2012 was a healthy year for the U.S. pharmaceuticals industry, with 39 new drugs approved; the highest in 16 years.
This has largely been driven by a string of recent patent expirations, enabling generic drug makers to offer cheaper alternatives, and forcing major manufacturers to refill their product lines. Patent expirations peaked in 2012, costing big pharma companies upward of $21 billion in lost revenue.
Some of the drugs to have come off patent in 2012 included Plavix, a heart drug made by Sanofi and Bristol-Myers Squibb, and Seroquel, an antipsychotic made by AstraZeneca.
The 39 new drugs and biological products approved in 2012 compares with 30 in 2011 and just 21 in 2010, suggesting that pharmaceutical makers are poised for growth.
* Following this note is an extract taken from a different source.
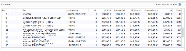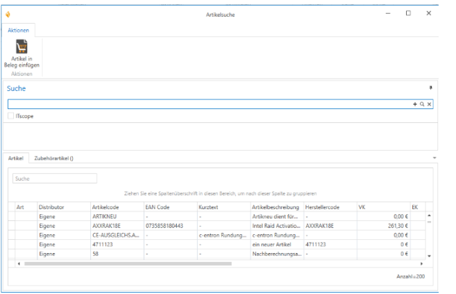 Über den Button wird eine neue Zeile eingefügt. Über die Lupe kann nun nach Artikeln gesucht werden, die bereits angelegt sind und der Warengruppe Dienstleistung oder Wegeentgeld zugeordnet wurden.

The pharma industry has not seen figures like that since 1996.
The end of year brought a flurry of last minute approvals, with 8 recorded in December, including a new treatment from Johnson & Johnson called Sirturo for drug-resistant tuberculosis, the first new TB drug in decades.
Other approvals in 2012 included Eliquis, a drug that reduces stroke risk in patients with irregular heartbeats, from Bristol Myers-Squibb and Pfizer Inc., and Adasuve by Alexza Pharmaceuticals, the first treatment for schizophrenia and bipolar disorder that can be inhaled.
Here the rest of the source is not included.